• Exercise instructions
Lines that contain "room" are to be copied from the material, every one of them.

• Provided data
▬▬▬▬▬▬

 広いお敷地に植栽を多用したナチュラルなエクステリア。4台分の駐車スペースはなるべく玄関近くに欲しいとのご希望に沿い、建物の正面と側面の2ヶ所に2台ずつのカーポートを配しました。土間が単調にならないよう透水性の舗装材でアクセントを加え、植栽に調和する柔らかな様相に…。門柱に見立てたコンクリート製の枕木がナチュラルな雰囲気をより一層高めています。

▬▬▬▬▬▬

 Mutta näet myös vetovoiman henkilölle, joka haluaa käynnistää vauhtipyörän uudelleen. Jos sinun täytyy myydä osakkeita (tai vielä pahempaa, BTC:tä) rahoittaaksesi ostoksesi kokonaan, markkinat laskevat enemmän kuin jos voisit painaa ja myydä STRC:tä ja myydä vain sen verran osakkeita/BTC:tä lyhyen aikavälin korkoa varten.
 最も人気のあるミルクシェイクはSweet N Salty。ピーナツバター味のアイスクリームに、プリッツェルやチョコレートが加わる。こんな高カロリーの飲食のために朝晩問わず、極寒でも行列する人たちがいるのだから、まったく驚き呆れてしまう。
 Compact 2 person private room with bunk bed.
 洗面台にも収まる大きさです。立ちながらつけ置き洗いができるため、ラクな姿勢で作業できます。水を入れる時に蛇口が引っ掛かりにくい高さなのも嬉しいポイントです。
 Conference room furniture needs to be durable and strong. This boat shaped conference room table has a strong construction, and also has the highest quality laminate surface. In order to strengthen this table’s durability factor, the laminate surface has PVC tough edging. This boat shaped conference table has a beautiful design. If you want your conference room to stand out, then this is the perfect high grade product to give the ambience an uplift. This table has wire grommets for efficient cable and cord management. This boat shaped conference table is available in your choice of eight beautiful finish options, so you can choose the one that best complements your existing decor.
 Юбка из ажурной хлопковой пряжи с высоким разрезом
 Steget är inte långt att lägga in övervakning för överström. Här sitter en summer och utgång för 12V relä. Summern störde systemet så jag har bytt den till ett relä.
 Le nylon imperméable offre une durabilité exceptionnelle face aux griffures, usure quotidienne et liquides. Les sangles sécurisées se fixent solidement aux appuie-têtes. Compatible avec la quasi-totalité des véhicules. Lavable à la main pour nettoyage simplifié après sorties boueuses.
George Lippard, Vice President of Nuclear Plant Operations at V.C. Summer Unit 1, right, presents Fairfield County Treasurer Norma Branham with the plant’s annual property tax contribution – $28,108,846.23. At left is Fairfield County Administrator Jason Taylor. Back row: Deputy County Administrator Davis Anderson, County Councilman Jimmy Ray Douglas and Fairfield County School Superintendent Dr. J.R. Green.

▬▬▬▬▬▬

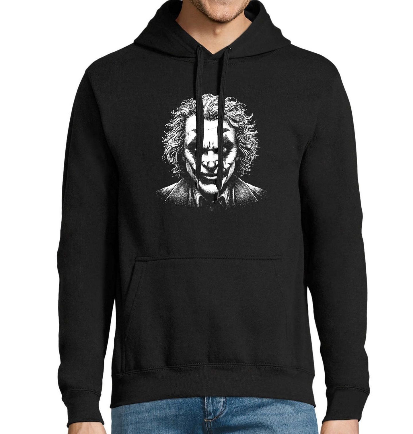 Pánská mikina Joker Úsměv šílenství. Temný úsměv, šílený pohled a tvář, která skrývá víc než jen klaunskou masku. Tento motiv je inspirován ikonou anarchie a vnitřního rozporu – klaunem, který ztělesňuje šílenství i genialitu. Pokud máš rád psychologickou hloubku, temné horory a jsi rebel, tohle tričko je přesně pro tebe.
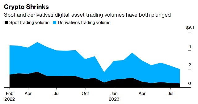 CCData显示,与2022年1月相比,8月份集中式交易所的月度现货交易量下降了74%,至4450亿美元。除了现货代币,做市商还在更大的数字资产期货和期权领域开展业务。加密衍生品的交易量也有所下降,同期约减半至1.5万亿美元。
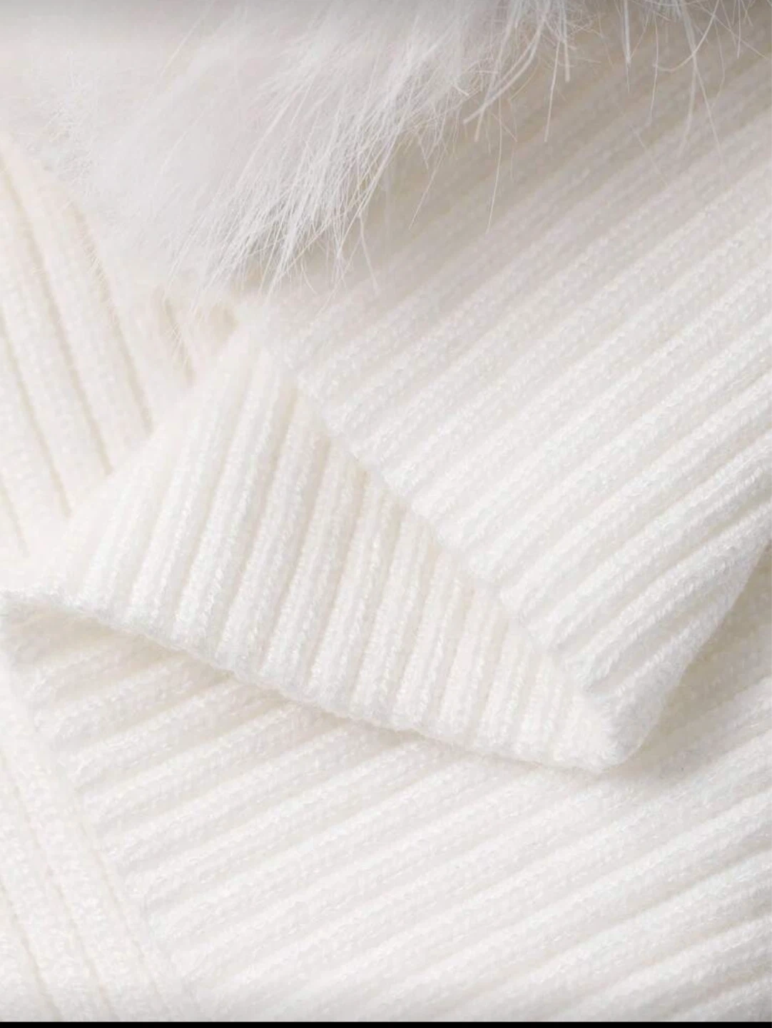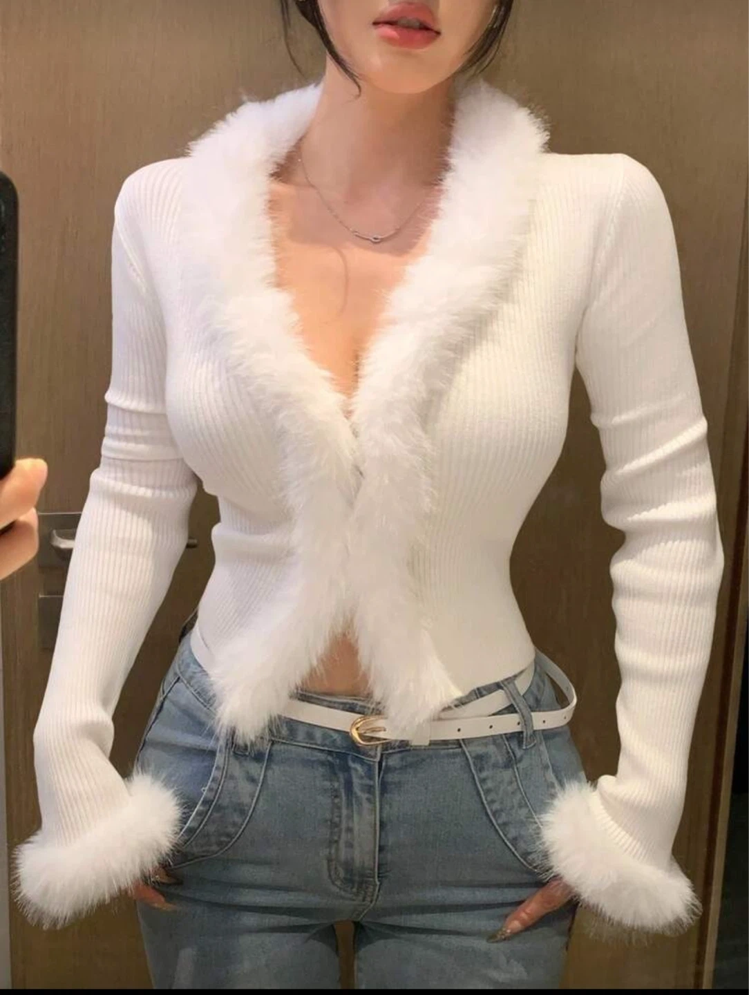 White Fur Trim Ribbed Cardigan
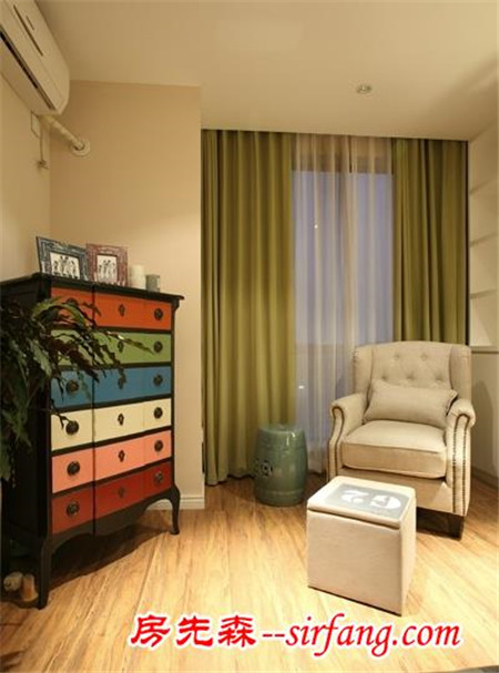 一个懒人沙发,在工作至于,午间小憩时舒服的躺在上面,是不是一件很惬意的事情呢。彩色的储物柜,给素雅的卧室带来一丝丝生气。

▬▬▬▬▬▬

• Expected answer
 Compact 2 person private room with bunk bed.
 Conference room furniture needs to be durable and strong. This boat shaped conference room table has a strong construction, and also has the highest quality laminate surface. In order to strengthen this table’s durability factor, the laminate surface has PVC tough edging. This boat shaped conference table has a beautiful design. If you want your conference room to stand out, then this is the perfect high grade product to give the ambience an uplift. This table has wire grommets for efficient cable and cord management. This boat shaped conference table is available in your choice of eight beautiful finish options, so you can choose the one that best complements your existing decor.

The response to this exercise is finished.